◆ **WORK INSTRUCTIONS**: Could every line of the listing be output exactly, with the pictures skipped?

◆ **COLLECTED MATERIAL**:

+++

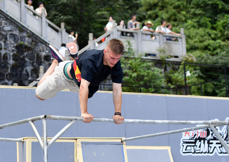 2023年7月23日,第二届天门山云纵天梯跑酷大赛成人技巧决赛在湖南省张家界市天门山风景区举行,波兰选手科瓦莱夫斯基在比赛中。新华社
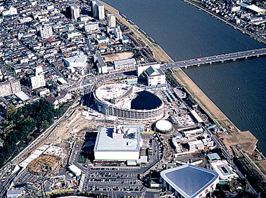 上越新幹線で新潟到着のアナウンスが聞こえてくる頃、車窓にモスラの卵のような建物が見える。これがいま当社が施工中の
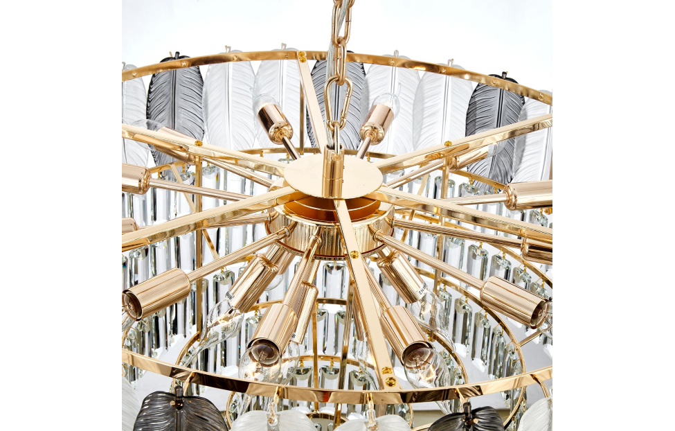 Отображение природных мотивов в предметах интерьера всегда выглядит утонченно и изящно. Это можно сказать и о нашей коллекции Dolor. Каркас коллекции в цвете золота оформлен декоративными лепестками из белого и серого стекла, которые обрамляют хрустальный водопад кристаллов высшего качества прямоугольной формы.
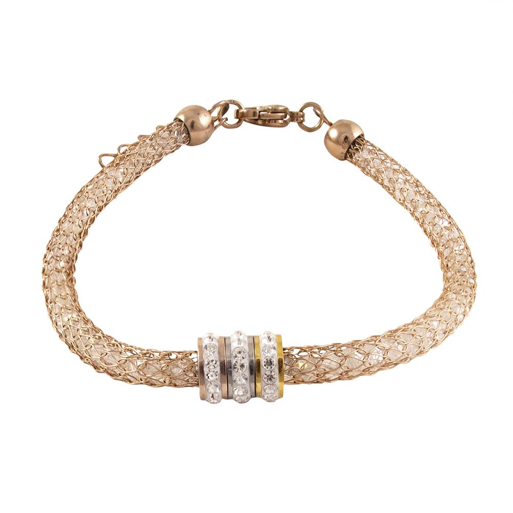 Rose Color Mesh With Beads Bracelet. 3 Round Rondells With White Czs.

+++

◆ **RESULT**:
 2023年7月23日,第二届天门山云纵天梯跑酷大赛成人技巧决赛在湖南省张家界市天门山风景区举行,波兰选手科瓦莱夫斯基在比赛中。新华社
 上越新幹線で新潟到着のアナウンスが聞こえてくる頃、車窓にモスラの卵のような建物が見える。これがいま当社が施工中の
 Отображение природных мотивов в предметах интерьера всегда выглядит утонченно и изящно. Это можно сказать и о нашей коллекции Dolor. Каркас коллекции в цвете золота оформлен декоративными лепестками из белого и серого стекла, которые обрамляют хрустальный водопад кристаллов высшего качества прямоугольной формы.
 Rose Color Mesh With Beads Bracelet. 3 Round Rondells With White Czs.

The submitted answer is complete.